**PROBLEM TO WORK ON**
For the copy, please give all of the data again exactly and leave the pictures out.

**SOURCE MATERIAL**
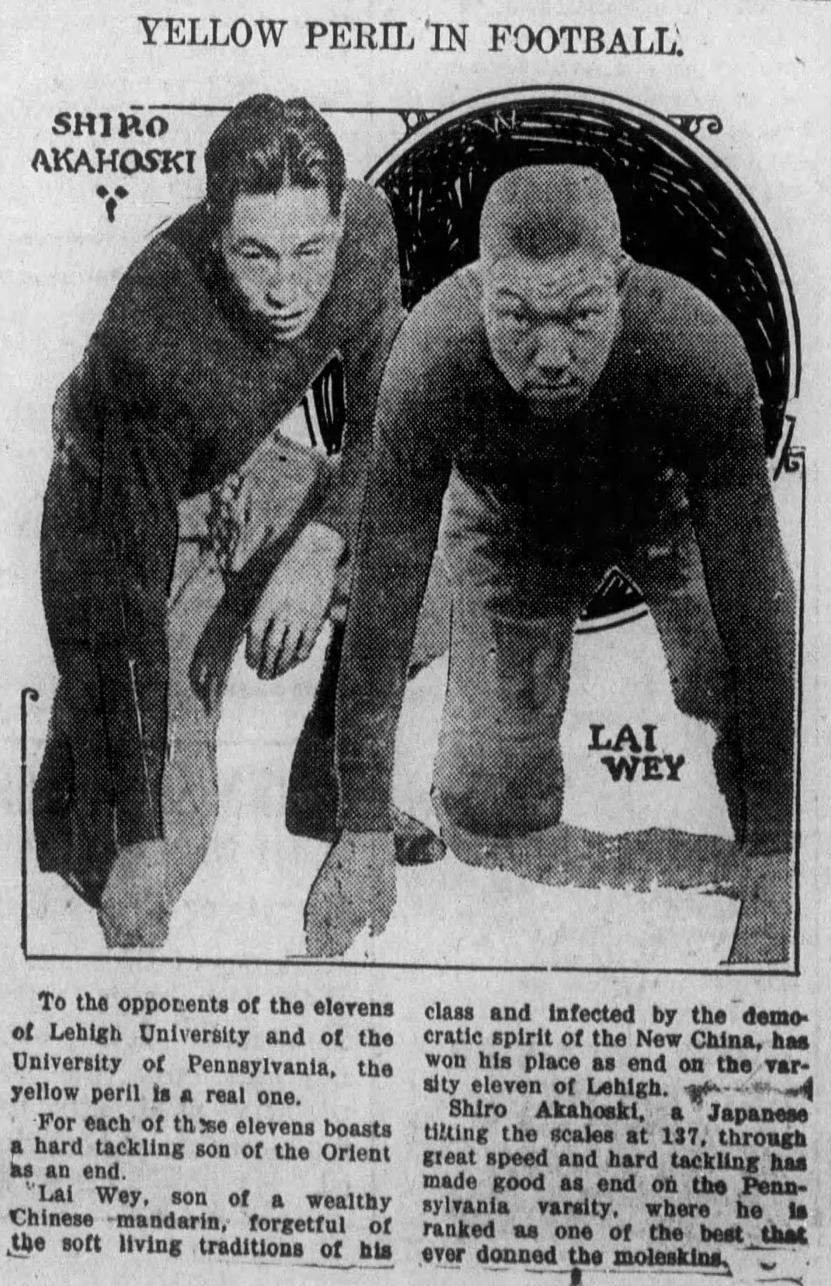 I did not identify any Pacific Islander college football players before 1920, which seems odd given their prominence in today’s game. The situation likely stems from most of the Chinese and Japanese football players at American colleges coming from prominent families with the means to send their sons to the United States. That was less likely the case with Native Hawaiians and Samoans of the time.
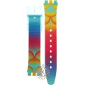 Dit Swatch horlogebandje is gemaakt van kunststof en wordt aan het horloge bevestigd door middel van stalen pennen. De band heeft een breedte van 17 mm en wordt gesloten door middel van een gesp. De band heeft geen rechte aanzet wat betekent dat deze band alleen geschikt is voor de horloges die hieronder worden vermeld.
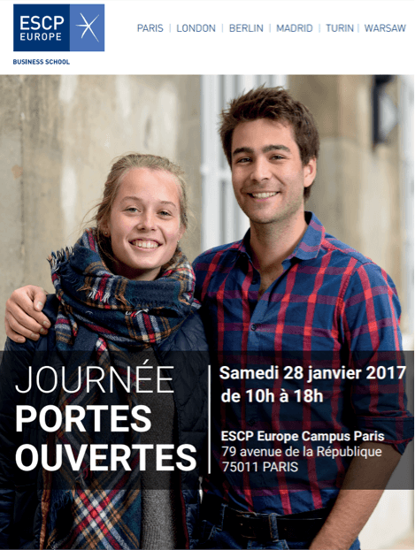 Pour plus d’informations sur le Bachelor in Management (BSc) de ESCP Europe cliquez ici ou venez rencontrer nos étudiants et nos équipes lors de la journée portes ouvertes du campus Paris, le samedi 28 janvier 2017.

**REPLY TO THE EXERCISE**
 I did not identify any Pacific Islander college football players before 1920, which seems odd given their prominence in today’s game. The situation likely stems from most of the Chinese and Japanese football players at American colleges coming from prominent families with the means to send their sons to the United States. That was less likely the case with Native Hawaiians and Samoans of the time.
 Dit Swatch horlogebandje is gemaakt van kunststof en wordt aan het horloge bevestigd door middel van stalen pennen. De band heeft een breedte van 17 mm en wordt gesloten door middel van een gesp. De band heeft geen rechte aanzet wat betekent dat deze band alleen geschikt is voor de horloges die hieronder worden vermeld.
 Pour plus d’informations sur le Bachelor in Management (BSc) de ESCP Europe cliquez ici ou venez rencontrer nos étudiants et nos équipes lors de la journée portes ouvertes du campus Paris, le samedi 28 janvier 2017.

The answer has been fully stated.